** WHAT TO PRODUCE **
The word "radu" occurs in some of the lines below; copy each of those lines.
BEGIN ENTRIES SHOWN
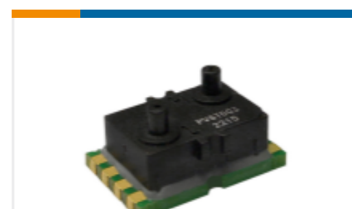
TE 产品编号20021491-00 LMIS250UB3S; PRES; 0...250Pa; I2C; 3V
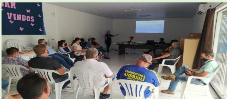
Registro fotográfico da reunião realizada em Águas de Chapecó/SC
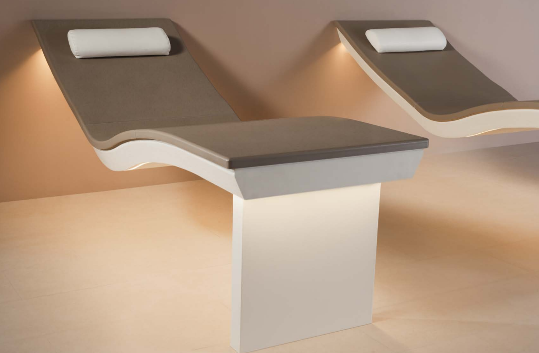
6027_2: Variante con piede d'appoggio indipendente, in smalto agave media Modèle avec pied de lit sur socle, glaçure agave moyen

Il calore radiante della maiolica del Lounger Two ha un forte potere rilassante. Il design fluttuante, le superfici setose e la forma ergonomica appagano la vista e il corpo.
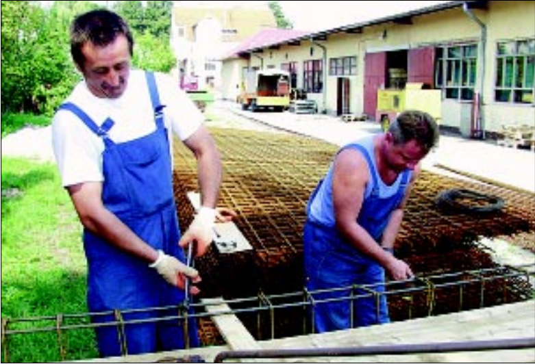
Lani je u Podravki zabilježeno 130 ozljeda na radu

- Odbori dobro funkcioniraju. Na njima obavezno prisustvuju predsjednici odbora, doktor medicine rada, stručnjak zaštite na radu, sindikalni povjerenici za zaštitu na radu, a obavezno se poziva i inspektor zaštite na radu. Kod prijavljivanja ozljeda na radu bitnu ulogu imaju neposredni rukovoditelji ozlijeđenog radnika, jer imaju obvezu popunjavanja potvrde o ozljedi na radu koju su obavezni dostaviti medicinskim sestrama. Koristimo ovdje priliku da skrenemo radnicima pažnju da kod ozljeđivanja poštuju proceduru prijavljivanja, jer nam se može dogoditi da padnemo pod utjecaj kaznenih odredbi pa čak i nepriznavanje ozljeda na radu - zaključio je Crljenica.
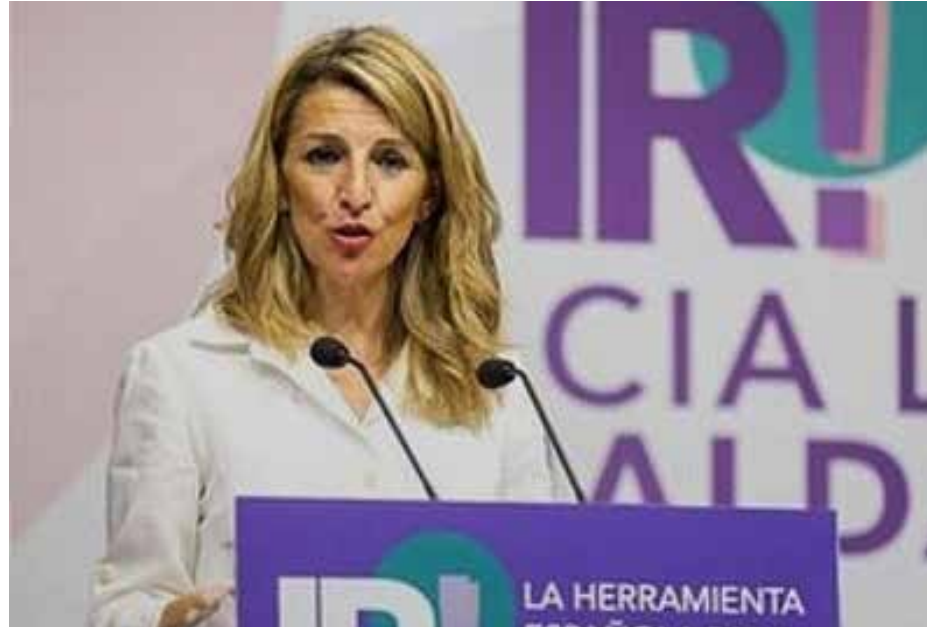
يولاندا دياز بيريز رئيسة تحالف اليسار الإسباني

بعد الإعلان عن اجراء انتخابات مبكرة في منطقة مدريد، استقال مؤسس وزعيم حزب بودوموس اليساري بابلو إغليسياس من منصبه كنائب لرئيس الوزراء ووزير للشؤون الاجتماعية، ليقود قائمة تحالف اليسار في انتخابات مدريد، أملاً هزيمة تحالف اليمين واليمين المتطرف. وقد حاول الائتلاف مع تحالف "مزيدا لمدريد" اليساري المحلي، لكن جهوده لم تتكفل بالنجاح، نتيجة لخلافات في انتخابات سابقة على الأدوار والحصص. وقد تميزت الانتخابات باستقطاب
END ENTRIES SHOWN
** TASK SOLUTION **
Lani je u Podravki zabilježeno 130 ozljeda na radu
- Odbori dobro funkcioniraju. Na njima obavezno prisustvuju predsjednici odbora, doktor medicine rada, stručnjak zaštite na radu, sindikalni povjerenici za zaštitu na radu, a obavezno se poziva i inspektor zaštite na radu. Kod prijavljivanja ozljeda na radu bitnu ulogu imaju neposredni rukovoditelji ozlijeđenog radnika, jer imaju obvezu popunjavanja potvrde o ozljedi na radu koju su obavezni dostaviti medicinskim sestrama. Koristimo ovdje priliku da skrenemo radnicima pažnju da kod ozljeđivanja poštuju proceduru prijavljivanja, jer nam se može dogoditi da padnemo pod utjecaj kaznenih odredbi pa čak i nepriznavanje ozljeda na radu - zaključio je Crljenica.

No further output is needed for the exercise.